Member of the Chamber of Deputies
- In office 15 May 1909 – 15 May 1915
- Constituency: Rancagua, Cachapoal and Maipo

Mayor of Curicó
- In office 1882–1885

Personal details
- Born: 1857 Vichuquén, Chile
- Died: Unknown
- Party: Liberal Democratic Party
- Spouse: Amalia Lavín

= Arturo Urzúa Rojas =

Chilean politician (1857–)

Arturo Urzúa Rojas (1857 – ?) was a Chilean lawyer, agriculturalist and politician who served as a member of the Chamber of Deputies of Chile.

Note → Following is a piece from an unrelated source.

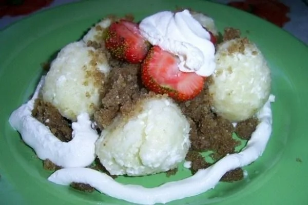 ШАГ 2 Из этой массы слепить небольшие шарики и сварить их в подсоленной воде. Как всплывут — готовы. Подавать со сметаной или сливовым вареньем. Или посыпать молотыми поджаренными сухарями с сахаром.
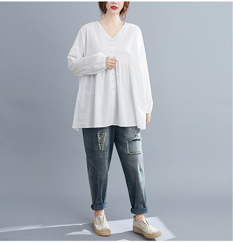 【送料無料】 Ⅴネックギャザーブラウス トップス ブラウス l Vネック フレア Aライン 綿 麻 リネン かわいい 大人可愛い シンプル カジュアル 大人 おしゃれ お洒落 大人可愛い 大人女子 こなれ感 無地 春 夏 秋 10代 20代 30代 40代 レディース デート お出かけ 公園デビュー 女子会 休日 普段使い 韓国 韓国系 オルチャン ファッション サイズ L XL ゆったり ゆる 白 ホワ

A member of the Liberal Democratic Party, Urzúa represented Rancagua, Cachapoal and Maipo from 1909 to 1915. During his first term, he served as a substitute member of the Permanent Commissions of Elections and Industry. Following his reelection for the 1912–1915 term, he was a member of the Permanent Commission of Elections.

He also served on the Mixed Budget Commission and the Conservative Commission. His parliamentary activity included promoting the installation of drinking water systems in Buin and Maipo and supporting the construction of the Las Cabras railway.

==Biography==
Urzúa was born in Vichuquén in 1857, the son of Roque Francisco Urzúa Elizondo and Pilar Rojas Cardemil. He studied at the Liceo de Curicó, the Instituto Nacional and Colegio de San Luis before studying law at the University of Chile, qualifying as a lawyer in May 1879.

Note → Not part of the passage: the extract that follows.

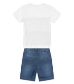 O Conjunto Infantil Camiseta Com Bermuda Trick Nick é a escolha perfeita para um visual moderno e confortável. A camiseta, confeccionada em meia malha, apresenta um bolso e recortes que adicionam estilo e personalidade. Com três cores vibrantes disponíveis, permite variar o look. A bermuda, feita em light denim com elastano, oferece conforto com seu cós embutido e elástico, além de bolsos laterais e traseiros funcionais. Este conjunto é a combinação ideal de moda e praticidade.

In 1882, he was elected mayor of Curicó. He was appointed defender of minors in Curicó in 1885 and later served as judge in Putaendo and Caupolicán. Following the Chilean Civil War of 1891, he served as fiscal prosecutor of the Treasury in Santiago. He later returned to judicial service as a substitute judge in Curicó and San Felipe before leaving the judiciary in 1903 to devote himself to agriculture.

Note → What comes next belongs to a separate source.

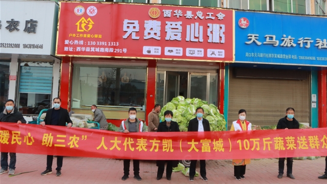“中國好人”、周口市人大代表方凱幫助黃橋鄉(xiāng)菜農解決蔬菜滯銷難題,并通過西華縣紅十字會向這些單位捐贈10萬斤蔬菜,讓滯銷菜變“暖心菜”。方凱的這一舉動,受到群眾的稱贊。
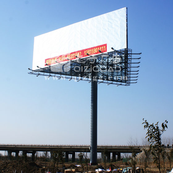 单立柱一般为钢架结构。钢管和角铁制作而成。现在也有少数网架结构的。在一根立柱上面安装一个长方型的或三角型的牌面。在牌面封上镀锌铁皮或彩钢板。通常面板数量为两面、三面。现在还有少数的四面单立柱。通常牌面尺寸为:14*5m、18*6m、21*7m。。多与喷绘画面相结合,也可制作成三面翻和电子显示屏,再加上图案或文字达到广告的效果。通常立柱总体高度为15m、18m、21m。受众面多为来往的车流量和人流量。

Urzúa represented the Liberal Democratic Party at its 1896 convention and later attended the 1920 Presidential Convention as a member of the party. He also served as interim professor of Geography, Ancient History and Roman History at the Liceo de Curicó in 1882.

He married Amalia Lavín Urzúa in Santiago on 10 January 1880, and they had children.